─── GIVEN DATA
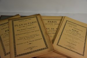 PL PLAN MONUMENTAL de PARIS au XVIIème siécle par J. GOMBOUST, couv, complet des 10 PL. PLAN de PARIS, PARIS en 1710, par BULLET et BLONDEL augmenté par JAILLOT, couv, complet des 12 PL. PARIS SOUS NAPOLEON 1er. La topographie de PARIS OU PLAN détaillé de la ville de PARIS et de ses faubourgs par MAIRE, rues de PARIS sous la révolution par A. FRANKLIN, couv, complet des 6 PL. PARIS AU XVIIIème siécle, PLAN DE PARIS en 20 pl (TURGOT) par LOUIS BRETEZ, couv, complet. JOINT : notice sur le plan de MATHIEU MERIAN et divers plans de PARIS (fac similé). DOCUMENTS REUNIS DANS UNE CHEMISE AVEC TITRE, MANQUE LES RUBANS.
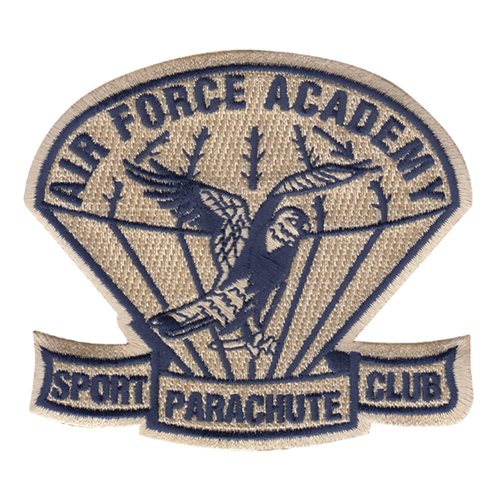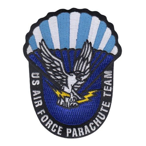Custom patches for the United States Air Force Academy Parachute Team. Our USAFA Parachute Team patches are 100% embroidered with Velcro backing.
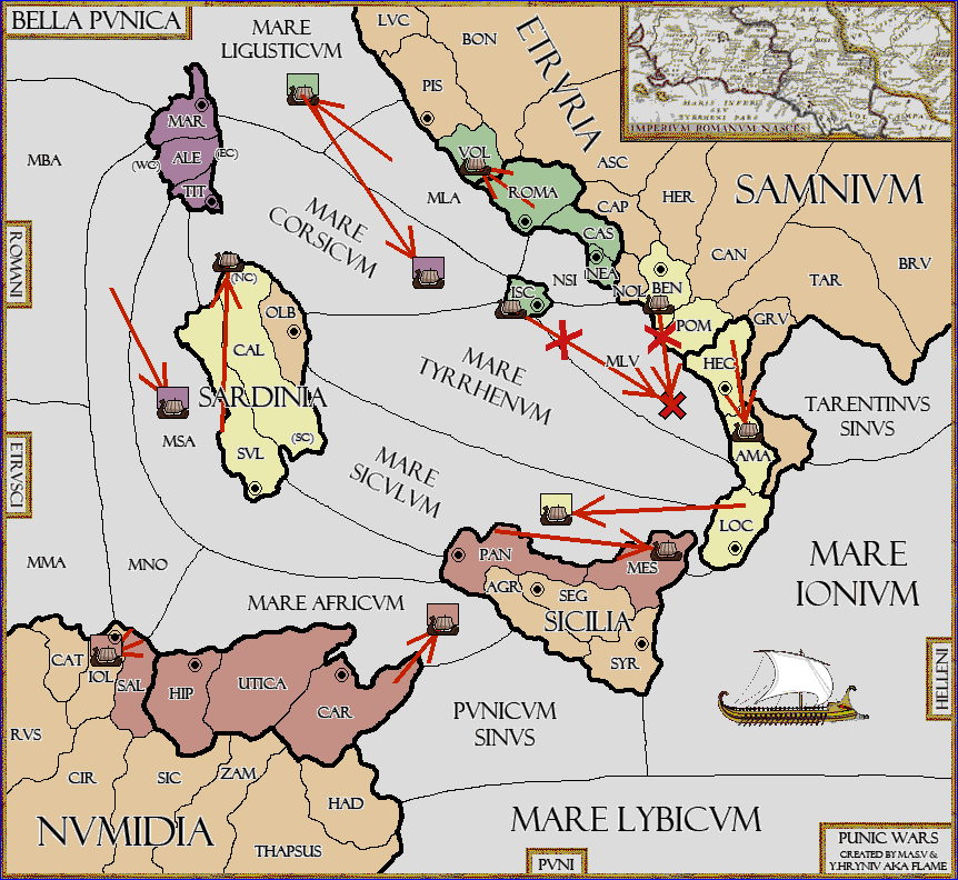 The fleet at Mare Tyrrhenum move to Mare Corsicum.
──────
─── GIVEN DATA
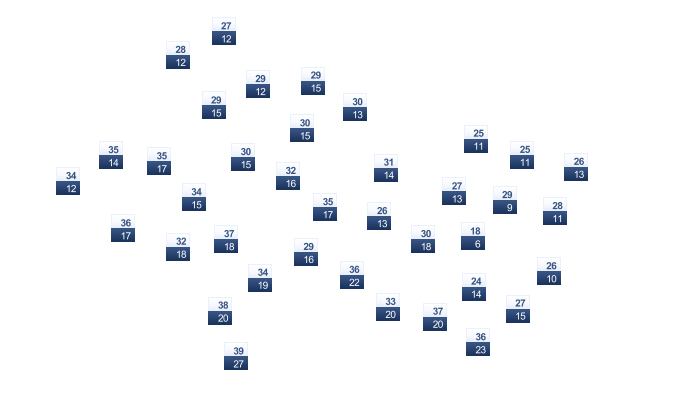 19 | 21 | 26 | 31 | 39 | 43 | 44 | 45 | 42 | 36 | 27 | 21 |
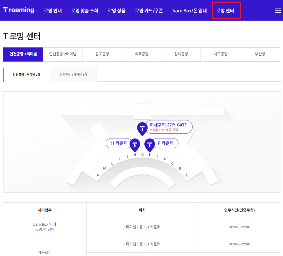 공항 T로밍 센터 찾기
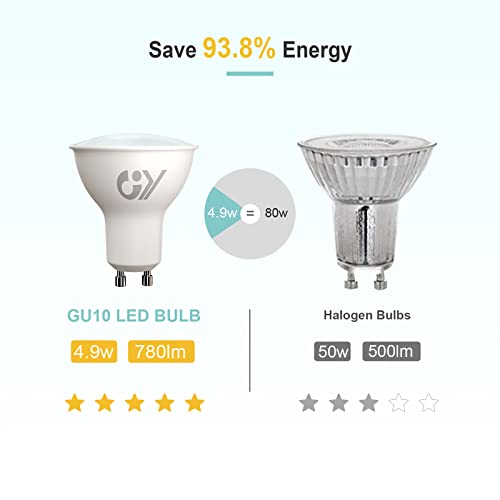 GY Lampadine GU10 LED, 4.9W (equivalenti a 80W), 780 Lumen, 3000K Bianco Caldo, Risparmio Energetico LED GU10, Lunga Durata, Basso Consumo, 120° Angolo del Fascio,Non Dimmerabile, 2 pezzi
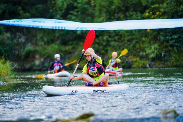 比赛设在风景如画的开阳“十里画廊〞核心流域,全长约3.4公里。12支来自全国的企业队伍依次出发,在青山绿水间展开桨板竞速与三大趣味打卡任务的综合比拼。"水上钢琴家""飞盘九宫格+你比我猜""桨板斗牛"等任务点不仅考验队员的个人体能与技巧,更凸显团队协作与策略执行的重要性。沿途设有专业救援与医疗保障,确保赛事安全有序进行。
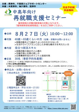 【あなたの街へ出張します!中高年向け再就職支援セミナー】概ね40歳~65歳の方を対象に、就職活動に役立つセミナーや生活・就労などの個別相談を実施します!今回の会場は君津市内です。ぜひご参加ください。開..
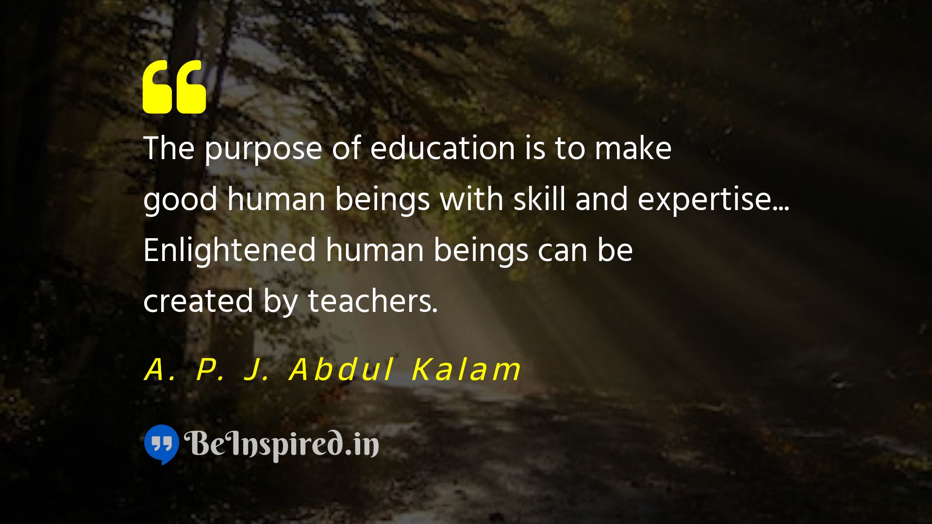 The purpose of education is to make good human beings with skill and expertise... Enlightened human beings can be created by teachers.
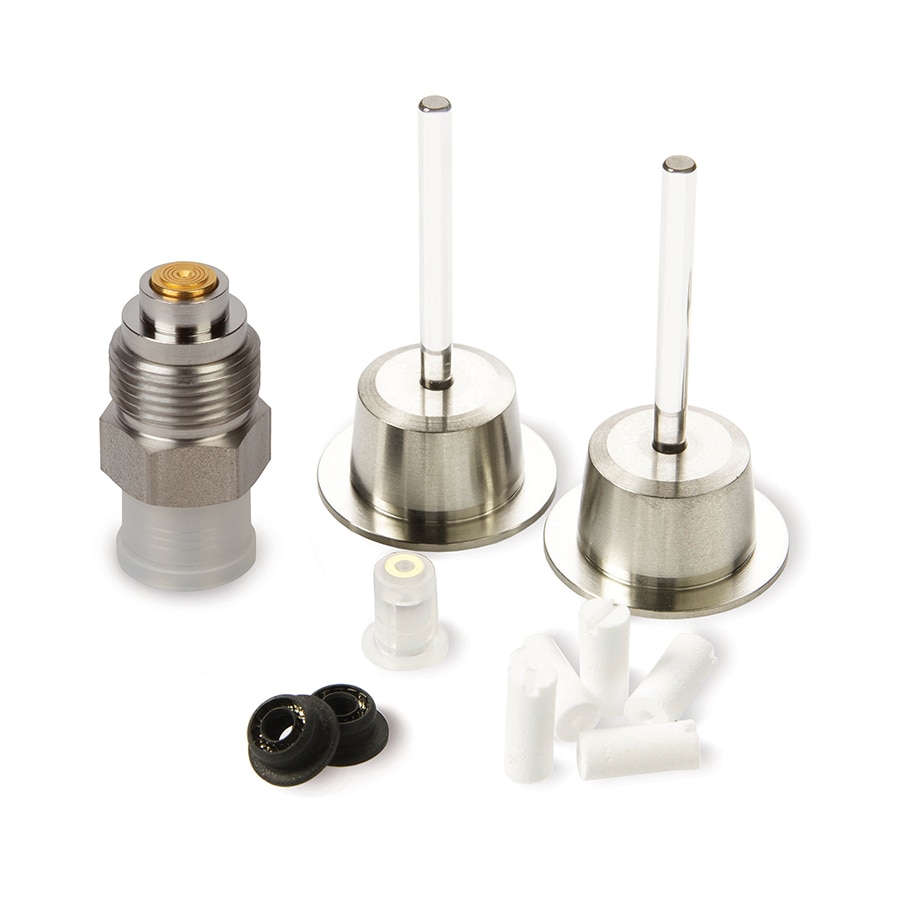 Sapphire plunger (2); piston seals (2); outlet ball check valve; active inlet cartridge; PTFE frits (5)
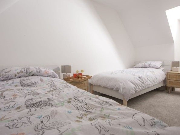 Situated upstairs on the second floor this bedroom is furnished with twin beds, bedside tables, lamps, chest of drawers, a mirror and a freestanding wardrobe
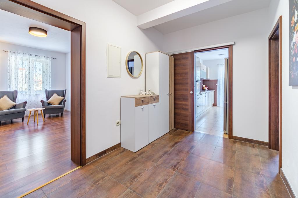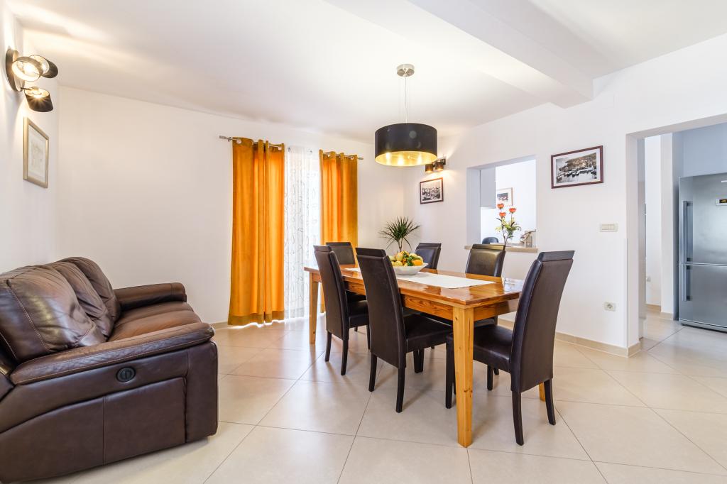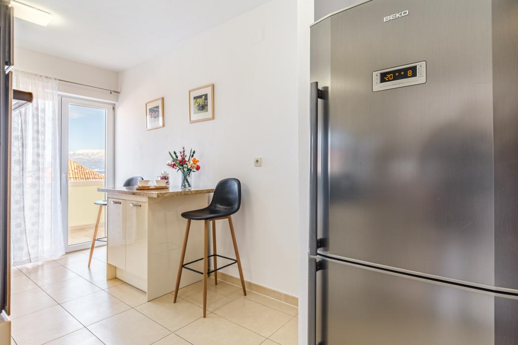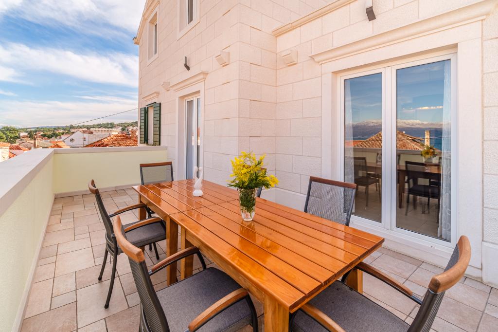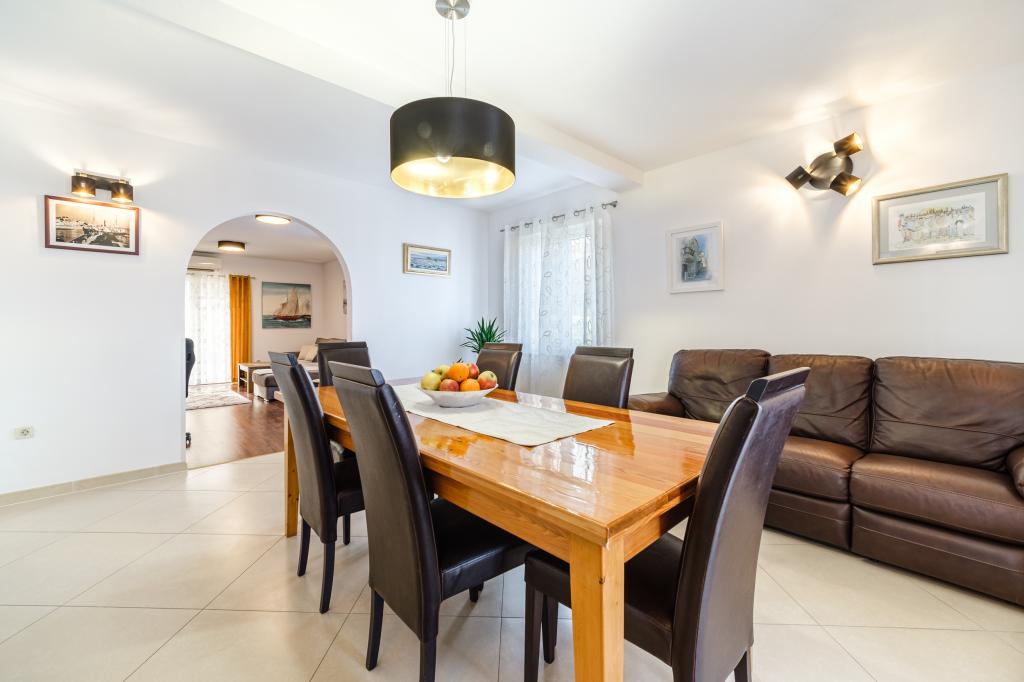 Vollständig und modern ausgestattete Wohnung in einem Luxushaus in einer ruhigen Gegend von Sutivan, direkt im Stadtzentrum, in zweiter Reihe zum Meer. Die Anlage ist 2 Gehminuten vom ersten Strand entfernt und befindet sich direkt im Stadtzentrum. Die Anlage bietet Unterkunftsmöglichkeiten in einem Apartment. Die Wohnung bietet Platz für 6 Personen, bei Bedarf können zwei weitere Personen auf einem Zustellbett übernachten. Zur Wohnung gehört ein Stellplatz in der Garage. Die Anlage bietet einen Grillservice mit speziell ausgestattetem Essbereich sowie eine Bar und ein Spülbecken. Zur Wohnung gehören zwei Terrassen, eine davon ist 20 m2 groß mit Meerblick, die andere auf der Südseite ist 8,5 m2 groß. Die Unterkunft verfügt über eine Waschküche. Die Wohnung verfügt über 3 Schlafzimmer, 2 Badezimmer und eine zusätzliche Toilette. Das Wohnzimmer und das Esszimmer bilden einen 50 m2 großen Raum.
──────
## [TASK BRIEF]
The data above holds the lines to copy: start at the one with "19 | 21 | 26", stop at the one with "The purpose of", include both, copy them exactly without pictures, and copy nothing else.

## [SOLVED PROBLEM]
 19 | 21 | 26 | 31 | 39 | 43 | 44 | 45 | 42 | 36 | 27 | 21 |
 공항 T로밍 센터 찾기
 GY Lampadine GU10 LED, 4.9W (equivalenti a 80W), 780 Lumen, 3000K Bianco Caldo, Risparmio Energetico LED GU10, Lunga Durata, Basso Consumo, 120° Angolo del Fascio,Non Dimmerabile, 2 pezzi
 比赛设在风景如画的开阳“十里画廊〞核心流域,全长约3.4公里。12支来自全国的企业队伍依次出发,在青山绿水间展开桨板竞速与三大趣味打卡任务的综合比拼。"水上钢琴家""飞盘九宫格+你比我猜""桨板斗牛"等任务点不仅考验队员的个人体能与技巧,更凸显团队协作与策略执行的重要性。沿途设有专业救援与医疗保障,确保赛事安全有序进行。
 【あなたの街へ出張します!中高年向け再就職支援セミナー】概ね40歳~65歳の方を対象に、就職活動に役立つセミナーや生活・就労などの個別相談を実施します!今回の会場は君津市内です。ぜひご参加ください。開..
 The purpose of education is to make good human beings with skill and expertise... Enlightened human beings can be created by teachers.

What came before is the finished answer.